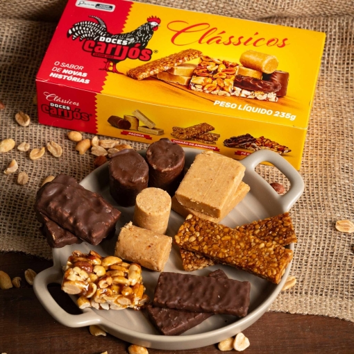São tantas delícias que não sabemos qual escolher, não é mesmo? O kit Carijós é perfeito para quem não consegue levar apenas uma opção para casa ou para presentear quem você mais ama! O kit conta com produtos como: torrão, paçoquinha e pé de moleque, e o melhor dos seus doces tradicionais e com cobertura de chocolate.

+===+

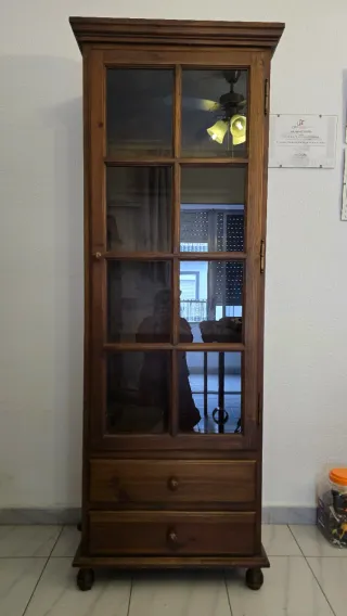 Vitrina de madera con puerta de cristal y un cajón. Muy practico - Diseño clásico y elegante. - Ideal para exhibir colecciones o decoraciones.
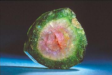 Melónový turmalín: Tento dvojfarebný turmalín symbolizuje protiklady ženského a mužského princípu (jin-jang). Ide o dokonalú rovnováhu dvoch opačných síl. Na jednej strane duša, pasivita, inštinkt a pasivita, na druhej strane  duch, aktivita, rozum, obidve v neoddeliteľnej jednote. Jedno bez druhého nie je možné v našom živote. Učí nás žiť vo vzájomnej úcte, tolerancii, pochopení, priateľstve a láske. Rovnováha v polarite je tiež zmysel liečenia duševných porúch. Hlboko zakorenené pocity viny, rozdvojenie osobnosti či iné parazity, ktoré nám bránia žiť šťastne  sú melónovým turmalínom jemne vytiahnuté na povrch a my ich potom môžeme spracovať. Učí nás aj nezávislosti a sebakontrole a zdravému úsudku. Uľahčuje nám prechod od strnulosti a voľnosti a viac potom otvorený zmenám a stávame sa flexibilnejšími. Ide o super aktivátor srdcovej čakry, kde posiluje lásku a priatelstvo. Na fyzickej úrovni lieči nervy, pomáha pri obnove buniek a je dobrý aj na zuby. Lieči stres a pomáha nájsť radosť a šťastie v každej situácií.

+===+

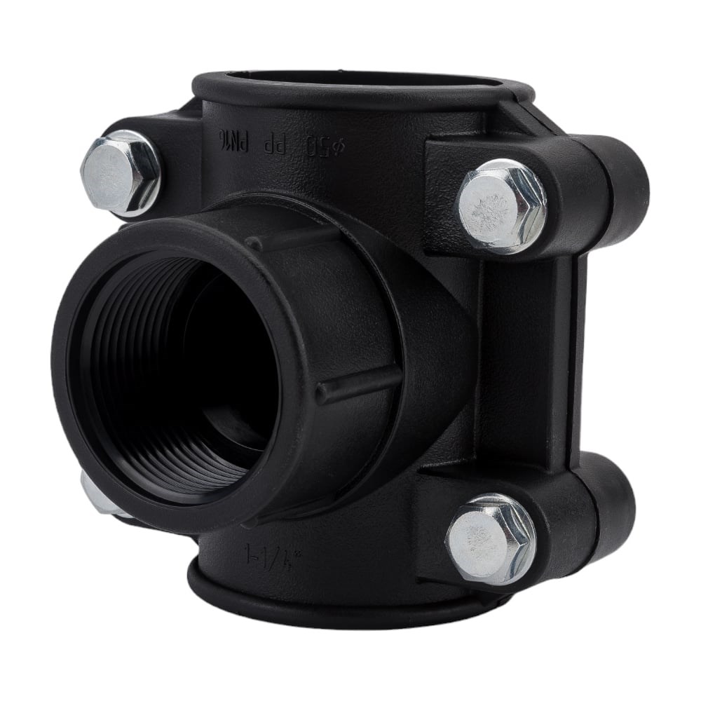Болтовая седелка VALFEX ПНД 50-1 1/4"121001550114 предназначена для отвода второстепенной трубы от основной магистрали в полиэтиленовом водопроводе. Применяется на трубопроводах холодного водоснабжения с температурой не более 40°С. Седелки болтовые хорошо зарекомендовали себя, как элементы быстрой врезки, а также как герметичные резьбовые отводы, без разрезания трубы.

+===+

_Instructions to follow_.
Please copy out from the data above, without any picture, exactly the lines running from the one that holds "Vitrina de madera" through the one that holds "Melónový turmalín: Tento", and nothing beyond them.

_Written answer_.
 Vitrina de madera con puerta de cristal y un cajón. Muy practico - Diseño clásico y elegante. - Ideal para exhibir colecciones o decoraciones.
 Melónový turmalín: Tento dvojfarebný turmalín symbolizuje protiklady ženského a mužského princípu (jin-jang). Ide o dokonalú rovnováhu dvoch opačných síl. Na jednej strane duša, pasivita, inštinkt a pasivita, na druhej strane  duch, aktivita, rozum, obidve v neoddeliteľnej jednote. Jedno bez druhého nie je možné v našom živote. Učí nás žiť vo vzájomnej úcte, tolerancii, pochopení, priateľstve a láske. Rovnováha v polarite je tiež zmysel liečenia duševných porúch. Hlboko zakorenené pocity viny, rozdvojenie osobnosti či iné parazity, ktoré nám bránia žiť šťastne  sú melónovým turmalínom jemne vytiahnuté na povrch a my ich potom môžeme spracovať. Učí nás aj nezávislosti a sebakontrole a zdravému úsudku. Uľahčuje nám prechod od strnulosti a voľnosti a viac potom otvorený zmenám a stávame sa flexibilnejšími. Ide o super aktivátor srdcovej čakry, kde posiluje lásku a priatelstvo. Na fyzickej úrovni lieči nervy, pomáha pri obnove buniek a je dobrý aj na zuby. Lieči stres a pomáha nájsť radosť a šťastie v každej situácií.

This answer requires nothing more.